Three Levels of Opportunity
Khan said his foundation sees three levels of opportunity in digital data. At one level, it is exploring opportunities in “the digital state,” which encompasses “foundational technologies” like blockchain, geographic mapping services and digital ID, he said. For example, in the event of a hurricane or other humanitarian crisis, blockchain can help in building trust in the distribution of money and supplies, Khan said. Another example of blockchain usage is in providing verification processes for land rights, he added. “So much of the world has insecure land rights or informal land rights, and you could use blockchain technologies to create assets that are verifiable and stay with people over time.”
“Data has always been really important. What is different today is how available data is.” –Zia Khan
The second is to use the new technologies across all of its initiatives in health, food or American jobs. For example, one of the foundation’s grant recipients is working with partners to gather data on food waste in cities across the U.S. Thirdly, the foundation is looking internally to position itself in the evolving technological landscape. “We have to change our own culture, our own way of looking at things,” Khan said. “How do we think about tapping into all of the data that is available to inform our decisions? How do we get more data driven around shaping our strategies, and how do we monitor our work on a monthly basis versus waiting for a six-month evaluation to come back? There are many behaviors that we ourselves had to change as well. So we’re hitting at it from multiple levels.”
Addressing Concerns Over Data
Technologies like digital ID systems have many benefits, but they needs streamlining to ensure user privacy, which has been a concern with Aadhaar, he noted. Khan also pointed to the need to create “ethical frameworks” in order to provide the beneficiaries of these programs a voice in how they are designed.

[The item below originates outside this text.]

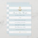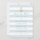 Personalize este convite de casamento elegante e moderno no estilo Náutico em cartão liso para Save The Date. Design listrado em azul claro e branco, definido como um modelo para uma personalização fácil. A cor azul pastel das listras é personalizável e pode ser alterada para qualquer outra cor, você pode alterá-la mudando a cor do Fundo. Observe que o dourado neste design, no âncora dourada, não é uma folha de ouro real, é uma impressão colorida. A cor do texto também é personalizável, os elementos dourados podem ser movidos ou excluídos. Você também pode alterar o estilo do canto.
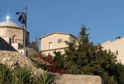 Ssntorini Chuches & Monasteries - Located between Pyrgos and Kamari on the island of Santorini in Greece is the Monastery of Profiti Ilias. This historical site sits atop the highest point of the island, Prophet Elijah mountain, which reaches 567 meters. Not only will you enjoy stunning views of the patchwork agricultural plains and the hilltop village of Oia, but you'll also be able to explore the monastery itself. Built in 1712, the walls surrounding the Monastery of Profiti Iliain resemble a fortress and are steeped in significant history. The monastery once had its own ship, conducting private business and serving as an active influence on the intellectual and patriotic life of Santorini. From 1806 to 1845, it even ran a school teaching Greek language and literature. Although the monastery's decline began in 1860 and suffered damage from earthquakes in 1956, today, it boasts an impressive collection of Greek Orthodox religious artifacts, icons, bibles, books, and ethnographic material. It also features exhibits on shoemaking, printing, candle making, wine making, and local cuisine. Discover the Monastery of Profiti Ilias in Santorini, Greece, for a truly enriching experience.

The Rockefeller Foundation has provided funding for The Beeck Center for Social Impact & Innovation at Georgetown University to launch its Blockchain for Social Good project. The project aims to develop a framework for privacy and ethics in the implementation of blockchain in support of vulnerable and marginalized populations. Efforts are also underway to create standards of interoperability between those technologies, he said.

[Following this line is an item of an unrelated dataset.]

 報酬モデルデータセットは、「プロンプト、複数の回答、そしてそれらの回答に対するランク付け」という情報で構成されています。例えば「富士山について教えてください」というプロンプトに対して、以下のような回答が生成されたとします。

The technologies used ought to be designed in ways that counts “the voice of people who might otherwise be marginalized, or whose interests might otherwise not be represented,” said Khan. “Otherwise, it will be driven by the interests of big technology companies, and that is what we have seen in the past.” The next step is to assess “the degrees of freedom” program participants have with respect to their data. He pointed to the General Data Protection Regulation in Europe as one such effort “to put the control back into the user.”

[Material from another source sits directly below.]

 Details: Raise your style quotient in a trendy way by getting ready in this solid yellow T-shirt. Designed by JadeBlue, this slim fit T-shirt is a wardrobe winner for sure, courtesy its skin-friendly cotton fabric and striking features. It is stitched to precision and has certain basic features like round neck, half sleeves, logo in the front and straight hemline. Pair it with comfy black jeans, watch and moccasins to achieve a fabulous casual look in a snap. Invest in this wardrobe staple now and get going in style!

Khan said he sees hope on two fronts with those efforts. “[First,] there are a lot of good resources that are getting put into play,” he noted. “Second, because we are so much more of a connected world, and we have greater awareness of what is happening, we can tap into the ingenuity of a lot more people. For example, it is exciting to see other countries looking to a country like India to learn about digital ID and ways to implement it. I don’t think 50 or 60 years ago, people would have been looking to the global set-up for solutions. Now we have more solutions emerging from more people, and if we can be disciplined about focusing on the best ones and scaling them up, then we have a larger number of solutions coming to bear.”